Сев, я собралась было положить свою картинку на стол, но потом передумала, боясь, что положу ее во что-нибудь липкое и испорчу.
– Я только посмотрю, проснулась ли мама, – сказал он и вышел из комнаты.
Я просто сидела и ждала, когда мой нос привыкнет, и надеялась, что мистер Дойл не оставит меня тут надолго. Прислушиваясь к его удалявшимся шагам, я оглядела беспорядок кругом. Где-то в глубине души я думала, а вдруг стоит встать и помыть посуду или сделать что-нибудь, чтобы помочь. Я подумала об идеально чистом доме Зелл через дорогу. С ее пола практически есть можно. И в этот момент мне захотелось телепортироваться туда, обратно в то место, откуда я только что ускользнула. Я подумала о Зелл, которая глубоко спала. Что, если она проснется, а меня не будет? Догадается ли она, где я нахожусь? Мой желудок сжался от чувства вины и еще чего-то, более глубокого, чего-то, что я не могла назвать.
Я огляделась в поисках часов, чтобы следить за временем и не задерживаться слишком долго. И действительно, на стене висели часы – круглые и черно-белые, в точности такие, как в любой из школ, где я когда-либо училась. Но они давно остановились, стрелки замерли на десяти и двух. Я посмотрела на микроволновку, но на дисплее было написано 34, как будто кто-то что-то готовил и остановил процесс до того, как зазвонил таймер. Встав, я подошла к микроволновке, чтобы сбросить счетчик и увидеть фактическое время 2:22. Если я потороплюсь, то успею вернуться до того, как проснется Зелл, и она вообще ничего не заметит.
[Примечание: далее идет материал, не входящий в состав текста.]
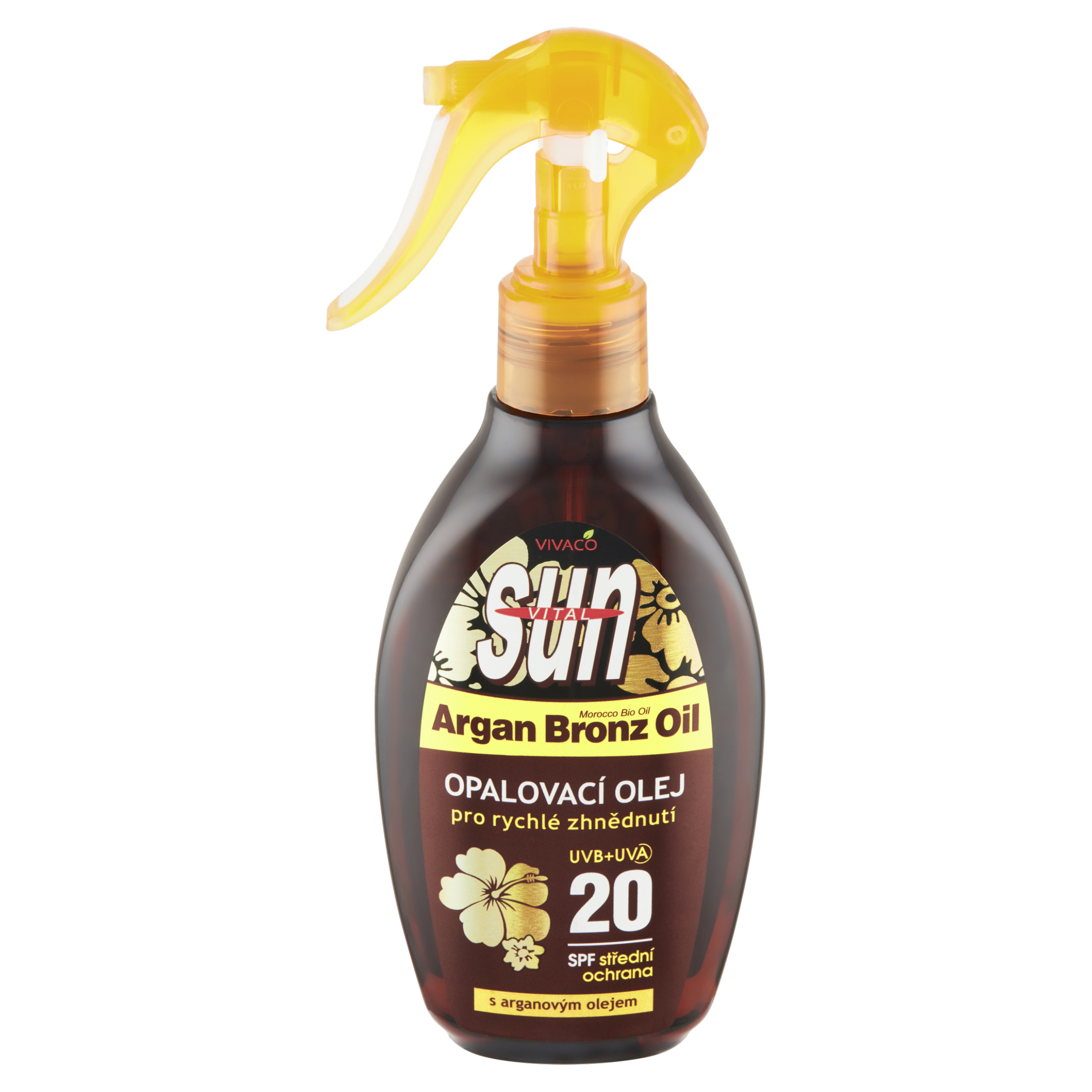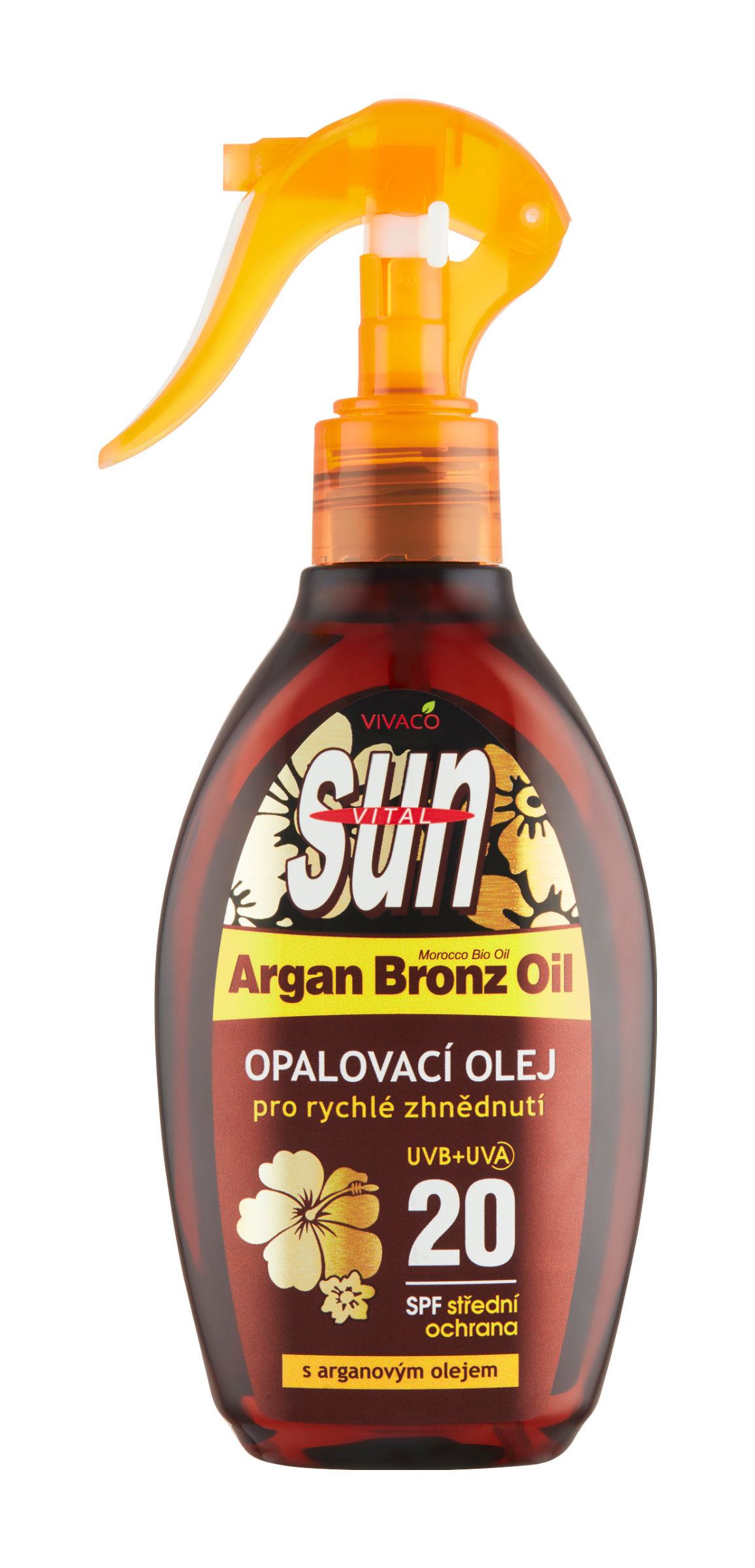 Arganový opalovací olej SPF 20 Opalovací olej s UVB+UVA faktorem poskytuje ochranu před spálením a předčasným stárnutím pokožky vlivem slunečního záření. Arganový olej chrání pleť před vysoušení a urychluje její zhnědnutí.

На микроволновке лежала маленькая белая сумка с буквами ЧВС, напечатанными красным цветом. Я слышала, как голос матери говорит мне не совать нос в чужие дела. Но я не могла сдержать любопытства, и, пока я ждала, мне больше нечем было заняться, только оглядываться по сторонам. Поэтому я заглянула внутрь.
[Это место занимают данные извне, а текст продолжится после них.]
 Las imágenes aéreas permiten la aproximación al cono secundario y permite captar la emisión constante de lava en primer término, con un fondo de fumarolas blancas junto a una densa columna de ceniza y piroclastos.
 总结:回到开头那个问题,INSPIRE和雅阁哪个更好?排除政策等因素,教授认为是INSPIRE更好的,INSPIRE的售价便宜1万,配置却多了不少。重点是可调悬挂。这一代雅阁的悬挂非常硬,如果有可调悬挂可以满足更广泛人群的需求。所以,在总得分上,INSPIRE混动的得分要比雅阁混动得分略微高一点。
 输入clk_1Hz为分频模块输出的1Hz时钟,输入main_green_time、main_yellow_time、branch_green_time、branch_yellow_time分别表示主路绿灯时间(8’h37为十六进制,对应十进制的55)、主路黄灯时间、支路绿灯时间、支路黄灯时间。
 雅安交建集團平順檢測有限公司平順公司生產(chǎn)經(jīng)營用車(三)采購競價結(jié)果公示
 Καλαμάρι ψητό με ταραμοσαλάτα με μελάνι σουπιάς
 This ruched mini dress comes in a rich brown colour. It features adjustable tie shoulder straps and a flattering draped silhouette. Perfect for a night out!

Моим глазам потребовалось несколько секунд, чтобы понять, что передо мной. Я посмотрела на предметы, пытаясь соотнести вещи, которые увидела в сумке, с местом, в котором находилась. В сумке лежала маленькая коробочка тампонов, пакетик кислых детских леденцов и фиолетовый лак для ногтей. Я попыталась сообразить, кто из трех живущих тут людей мог бы пользоваться такими предметами. Может быть, Джесси любил кислые леденцы. Но я сомневалась, что кто-то из них троих пользовался тампонами или фиолетовым лаком для ногтей. Я знала, что с определенного возраста у старых женщин уже не бывает месячных, и маловероятно, что умирающая старуха станет красить ногти. А если бы и стала, то не фиолетовым лаком.
Я услышала, как в задней части дома закрылась дверь, потом раздался звук шагов, возвращавшихся на кухню. Я поспешила обратно к столу и села, как будто вообще не сходила с места, а сердце у меня колотилось так, словно я только что пробежала марафон. Когда вернулся мистер Дойл, я сидела, держа в руках свою картинку, стараясь не выглядеть испуганной.
– Мне очень жаль, – сказал он. – Моя мать спит. – Он протянул ко мне руку. – Но я возьму твою красивую картинку и отдам ей, как только она проснется. Что скажешь?
Я кивнула, внезапно потеряв дар речи и пожалев, что вообще пошла в дом мистера Дойла. Сама атмосфера как будто изменилась, как будто грязь кухни или чего-то еще испортили сам воздух. Я не смела скользнуть взглядом к сумочке на микроволновке, чтобы себя не выдать. Я протянула ему картинку, и он несколько секунд смотрел на нее, а потом подсунул под магнит на холодильнике.
Удовлетворенный, что нашел для нее место, он снова повернулся ко мне.
– Хочешь мороженого?
При этих словах в его взгляде возникло какое-то нетерпение или томление, и я знала, что отказ его разочарует, но я не могла перестать думать о сумочке на микроволновке, и как странно я себя вдруг почувствовала, пока на нее смотрела. Я подумала о том, как расстроилась Зелл, когда я в последний раз заходила сюда, о ее взгляде, когда она предупреждала меня о мистере Дойле. Наверное, мне стоило ее послушать.
Я встала.
– Мне пора возвращаться. Когда я уходила, Зелл спала, и я не хочу, чтобы она волновалась.
Мистер Дойл кивнул, поджав губы. Потом улыбнулся и обнял меня за плечи. Я чувствовала запах пота от его подмышек, сала из его пор, кофе от его дыхания.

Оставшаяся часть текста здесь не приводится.